I first went to Europe in college as part of seminar studying war and peace. Our long list of stops in Western Europe also included a few days behind the Iron Curtain in the Soviet cities of Leningrad (St. Petersburg) and Moscow.
To celebrate our first evening in Moscow, a group of us had tickets to see the Kirov Ballet perform at what I am guessing was the Kremlin Palace (rather than at the grander Bolshoi Theater). Our plans were quickly put into question with the news that Soviet Party leader had died and that Red Square and much of the surrounding area was closed, with no idea of when it would reopen to the public. Several phone calls were required to confirm that access to the theater would be allowed for the evening’s performance.
While that was good news, I was disappointed to hear that access to the famous square would be restricted. Saint Basil’s Cathedral was the number one item on my Moscow must-see list. Would I even get to see the famous church?

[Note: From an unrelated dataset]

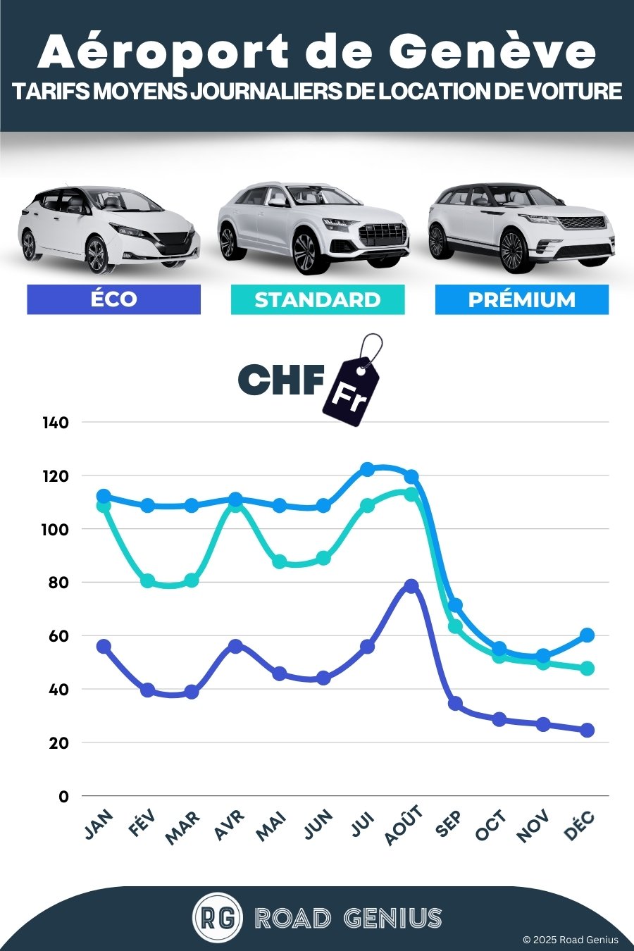 En moyenne, la location de voiture à l’aéroport de Genève coûte environ 74 CHF par jour, les offres les moins chères étant disponibles dès 25 CHF par jour.
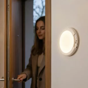 Slutt å slite i mørke hjørner med Ortorex taklampe. Denne smarte lampen registrerer bevegelse og slår seg automatisk på. Endre fargetemperatur for komfort med den medfølgende fjernkontrollen.

That evening the ballet was entrancing, a couple hours of pure magic.
Later, in the crush of people leaving after the performance, we lost track of where we had entered the theater. Having no idea where to go, we simply followed the crowd through the nearest exit and into the semi-daylight of a spring night in Russia. As the flow of people began to subside, we began to look around and more closely consider where we were.
The street had become part of a broad plaza of sorts. Recognition came slowly, but finally someone said it. “We’re in Red Square.” While not sure how this had come to be, it was clear that she was right: There was the Kremlin’s wall with its glowing star, the cobblestone courtyard before use rose slightly as it broadened into a large square, and there, at the far end, were the distinctive towers of Saint Basil’s.
Giddy with excitement, we raced across the square; Dorothy rushing to Oz, the twisted Technicolor towers beckoning us along a brick road with painted yellow stripes.
The church was every bit as wonderful as I hoped it to be, perhaps in part because of the unexpectedness of my encounter with it.
Talk about the magic of a Russian night!